A brief introduction. I'm 71 and still writing software and maintaining a home Linux network at home. I have been doing this for about 15 years and have had minor problems, but I have always managed to keep the network up and alive. Until Monday, March 1st, when I started losing connections to the internet. Before I go on, a brief background. I was s software developer writing CAD software for integrated circuits until my company was purchased by a West Coast company and I choose not to move west. I worked for several years for Transwitch Corp as a network planning manager. I worked with lots of IT guys, but I was never down in the trenches.
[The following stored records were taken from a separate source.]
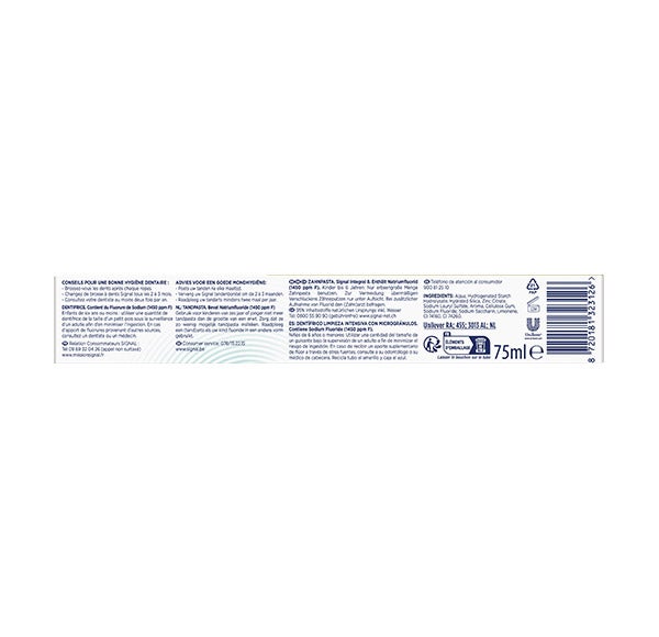 La pasta dental Signal Integral 8 Limpieza Intensiva incorpora microgránulos que eliminan la suciedad en profundidad y refrescan toda la cavidad bucal.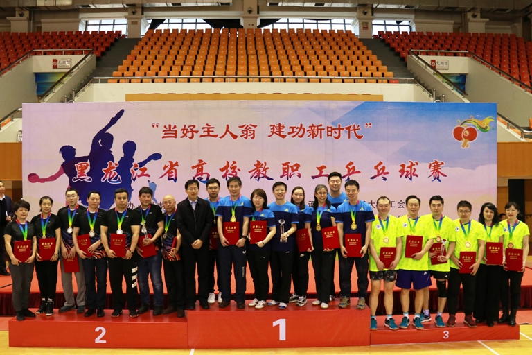 为丰富全省高校教职工文化生活,提高教职工健康素质、振奋精神,以更加昂扬的精神风貌迎接建国70周年,由黑龙江省教科文卫体工会主办,黑龙江大学工会承办的“当好主人翁、建功新时代”全省高校教职工乒乓球赛于2019年3月16日在黑龙江大学体育馆胜利闭幕。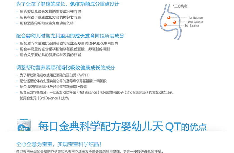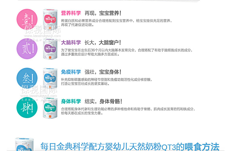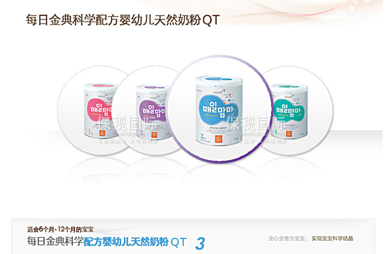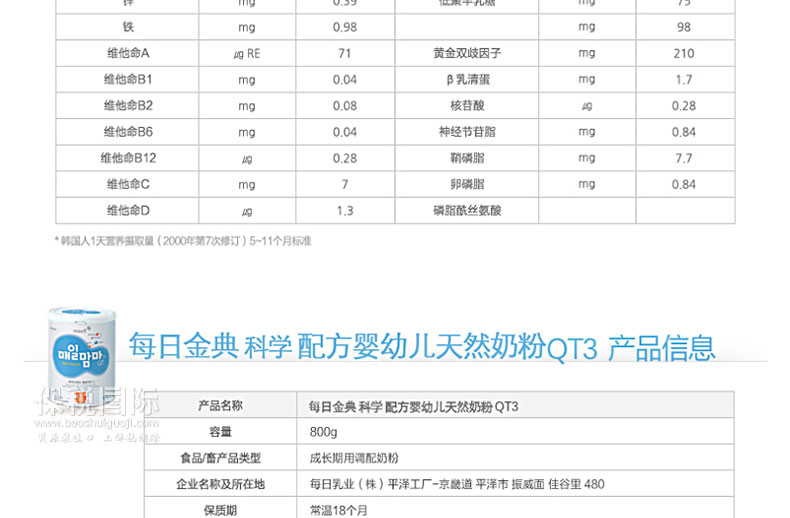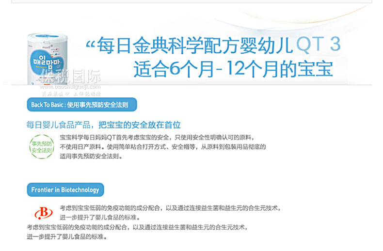 韓國(guó)每日金典 科學(xué)配方 嬰幼兒天然奶粉 QT 3階段—— 1. 科學(xué)免疫:強(qiáng)壯寶寶身體!適合6個(gè)月到12個(gè)月的寶寶。 2. 補(bǔ)充抑制細(xì)菌感染的神經(jīng)節(jié)苷脂和免疫功能活性化成分核苷酸,打造讓寶寶茁壯成長(zhǎng)的堅(jiān)實(shí)基礎(chǔ)。 3. 每日嬰兒食品產(chǎn)品,把寶寶的安全放在首位。 4. 為了讓孩子健康的成長(zhǎng),對(duì)免疫功能成分進(jìn)行重點(diǎn)設(shè)計(jì)。 5. 配合嬰幼兒時(shí)期尤其重用的成長(zhǎng)發(fā)育階段所需成分。 6. 調(diào)整幫助營(yíng)養(yǎng)素順利消化吸收健康成長(zhǎng)的成分。 6. 科學(xué)的配合了營(yíng)養(yǎng)素的消化吸收,健康成長(zhǎng)。 |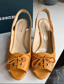 Sandali Essenze, misura 39, totalmente in vera pelle, morbidissima, con inserti in vera pelle scamosciata tono su tono (tacco, plateau, laccetto).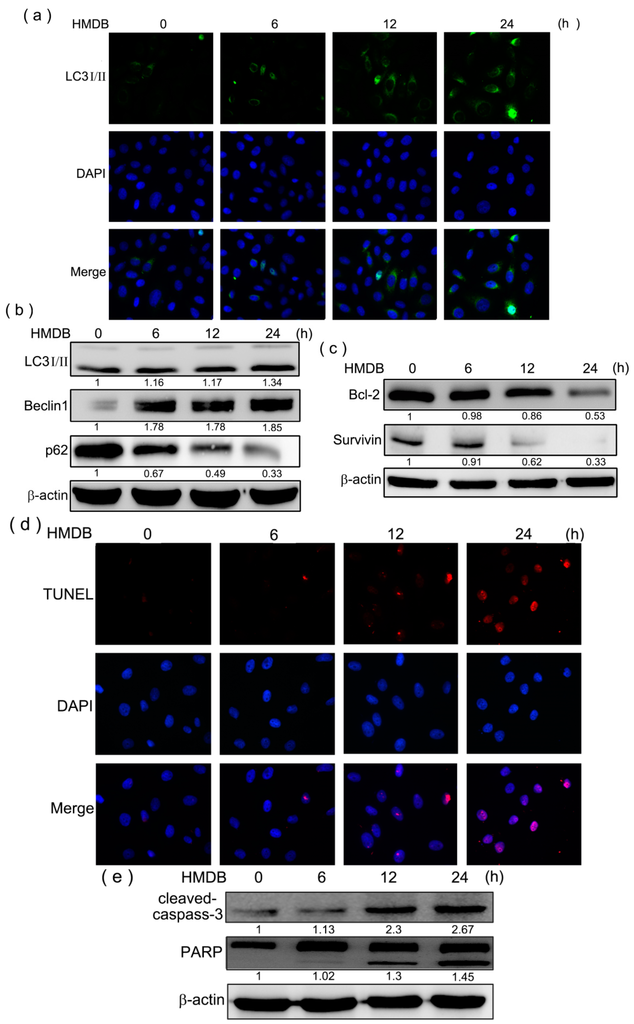 HMDB induced autophagy and apoptosis in HeLa cells. (a) HeLa cells were treated with 40 μM HMDB for the indicated times, fixed and incubated with rabbit anti-LC3-II primary antibody. After incubation with Alexa Fluor 488 phalloidin (green) for conjugated anti-rabbit secondary antibodies, immune-labeled cells were monitored by microscopy; (b) HeLa cells were treated with 40 μM HMDB and then the protein expression levels of LC3-II, Beclin-1, and p62 were determined by Western blotting for the indicated times; (c) the cells were treated with 40 μM HMDB for different times. Cells were harvested and lysed for the detection of the indicated protein expression by Western blotting; (d) the cells were treated with 40 μM HMDB for the indicated times, and then the apoptotic cells were examined by TUNEL assay; and (e) the apoptosis-related proteins, cleaved caspase-3, and poly (ADP-ribose) polymerase (PARP), were assessed using Western blotting. The densities of the band on the Western blots from three independent experiments were calculated using a computerized densitometer (ImageQuant LAS4000 Digital System, GE Healthcare, Uppsala, Sweden). Nuclei were stained with 4′,6-diamidino-2-phenylindole (DAPI).

So, I have some decent data communications background, but to be honest I have forgotten a lot.

Now I will go on with my problem.

I have for a number of years been using the following diagram for my network, where EL is an ethernet link and SW is a switch.

DSL modem --> wifi/ethernet router --> EL --> SW --> EL --> SW --> EL - PC

After my problems started I read an article about daisy chaining switches is not good, so I have reduced my network to:

DSL modem --> router --> EL --> SW --> EL --> PC

This worked for half of today and then failed again. The symtoms of the problem are consistent. When things work, I can ping my router or www.google.com with no problem. Then mysterious, things fail. I can then ping my router, but when I ping www.google.com it times out and I get a message like: www.google.com name cannot be found. The exact message differs depending on which Linux distro I am using, but the messages always hint that there is a DNS problem.
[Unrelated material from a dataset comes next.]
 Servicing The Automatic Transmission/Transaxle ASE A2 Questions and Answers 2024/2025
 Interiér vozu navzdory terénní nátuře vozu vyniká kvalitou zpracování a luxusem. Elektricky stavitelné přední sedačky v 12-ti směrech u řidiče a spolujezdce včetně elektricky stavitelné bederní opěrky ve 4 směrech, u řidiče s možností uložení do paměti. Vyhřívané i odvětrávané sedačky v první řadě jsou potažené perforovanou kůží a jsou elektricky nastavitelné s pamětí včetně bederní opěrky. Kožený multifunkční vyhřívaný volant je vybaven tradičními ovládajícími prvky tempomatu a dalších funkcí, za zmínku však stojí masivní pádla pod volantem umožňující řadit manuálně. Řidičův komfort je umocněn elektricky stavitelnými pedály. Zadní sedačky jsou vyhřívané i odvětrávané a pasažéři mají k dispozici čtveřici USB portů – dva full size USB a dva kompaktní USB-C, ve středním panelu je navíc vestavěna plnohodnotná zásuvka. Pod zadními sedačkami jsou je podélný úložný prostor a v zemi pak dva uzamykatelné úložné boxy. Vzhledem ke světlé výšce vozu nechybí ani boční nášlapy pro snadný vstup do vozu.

When I get a failure, I can bypass the switch and connect directly to router and there is never a problem. Only when I go through the switch.

My understanding is that a switch is a level 2 unit and it should not interfere with the message being sent by the user to the destination.  I'm very surprised that the switch is causing a problem. I have swapped out everything from the router to the PC to make sure it was a H/W problem. I still get the same results.
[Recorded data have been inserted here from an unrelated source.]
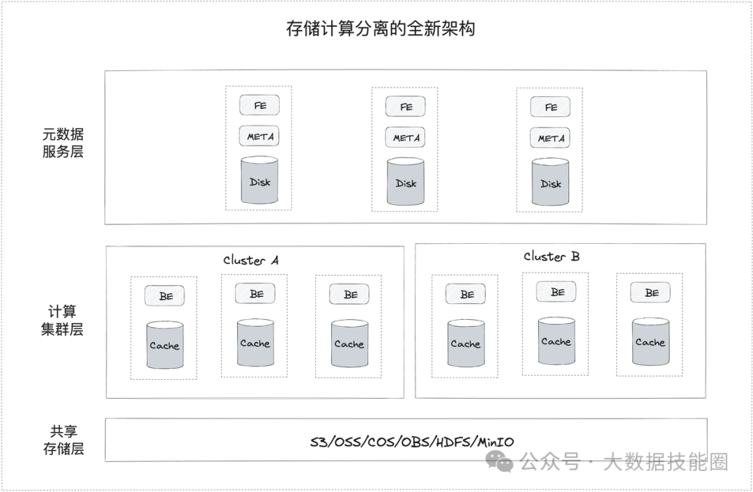 Doris即将推出存算分离架构,在存算分离架构下,计算节点不再存储主数据,而是将共享存储层作为统一的数据主存储空间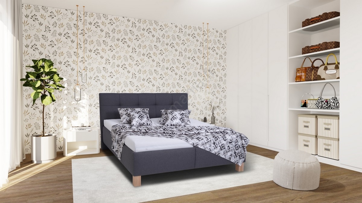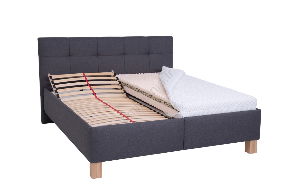 • Lit tapissé coffre MARIA 160x200 cm, gris, sans matelas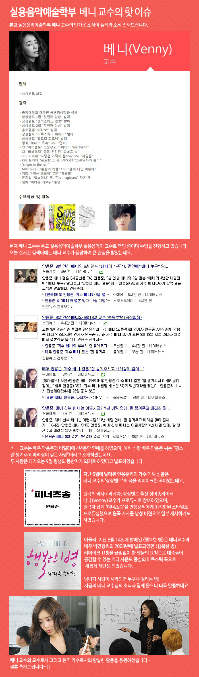 본교 실용음악예술학부 베니 교수의 반가운 소식이 들려와 소식 전해드립니다.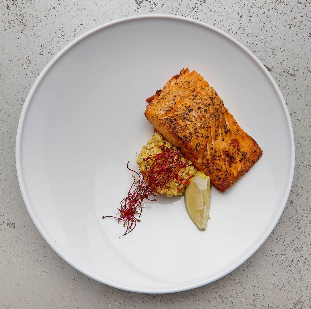 - Grillowany łosoś, risotto paprykowe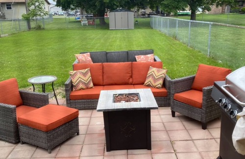 Located in Ashwaubenon, enjoy what this 2-bedroom duplex has to offer. With 2 queen beds and a cozy living room with a reclining cozy couch, guests can relax and unwind after a day of exploring. The bathroom features a bathtub and a hairdryer for added convenience. Also, enjoy sitting outside on the patio having a fire and grilling out! Our serene and enjoyable property will help you feel at home while you're traveling through Green Bay!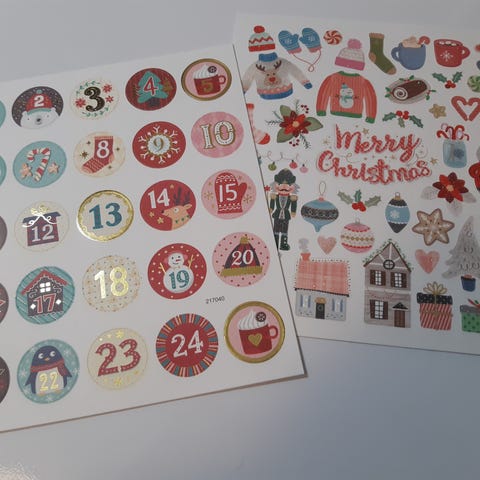 Hakusanat: joulutarroja joulutarrat jouluaskartelu tarra-arkki tarra-arkit tarra-arkkeja tarra tarrat tarroja joulukalenteri adventtikalenteri 1-24 joulu

So that is where I'm at. I think the next step is to start analyzing the link traffic, but I have no experience analyzing links. I think there is a good chance that timing delays are causing my problems, but I don't undertand why it would work well for years and then fail.

I am hoping one or two folks can lead me though the analysis and help resolve my problem. I cannot always respond immediately, but this is a top priority for me and in most cases I can respond within a day. In most cases, I can respond much more quickly and will try to do so.

I will leave with starting question. Should I not be able to communicate using ethernet from my PC to a swtich to a router to a DSL to the internet?

Jim A.

wintermute000

Your topology should work.
Tbh an extra switch should do nothing
You're right it's layer 2
Run a packet capture

Jim Anderson

@wintermute000

Thank you for the suggestion. I do think I am at the point where I need to be looking at bits and bytes.

I'm not familiar with packet capture, but I did a quick search and found the tcpdump can be used for a packet dump. I'm reading up on tcpdump now.

Jim

icecream-guy

when failed, can you browse by ip?

e.g. https://1.1.1.1

it just may be a DNS issue.

I suppose everything in in the same VLAN?

is your router providing DHCP?
do you have IP address when in failed state?
:professorcat:

My Moral Fibers have been cut.

Jim Anderson

@riatau5741

I just tried pinging google at the IP below:

ping 172.217.10.36
PING 172.217.10.36 (172.217.10.36) 56(84) bytes of data.
64 bytes from 172.217.10.36: icmp_seq=104 ttl=57 time=14.1 ms
64 bytes from 172.217.10.36: icmp_seq=161 ttl=57 time=13.5 ms
64 bytes from 172.217.10.36: icmp_seq=162 ttl=57 time=12.4 ms
^C
--- 172.217.10.36 ping statistics ---
195 packets transmitted, 3 received, 98% packet loss, time 195108ms


It took a long time for those 3 messages and the 98% packet loss is disturbing.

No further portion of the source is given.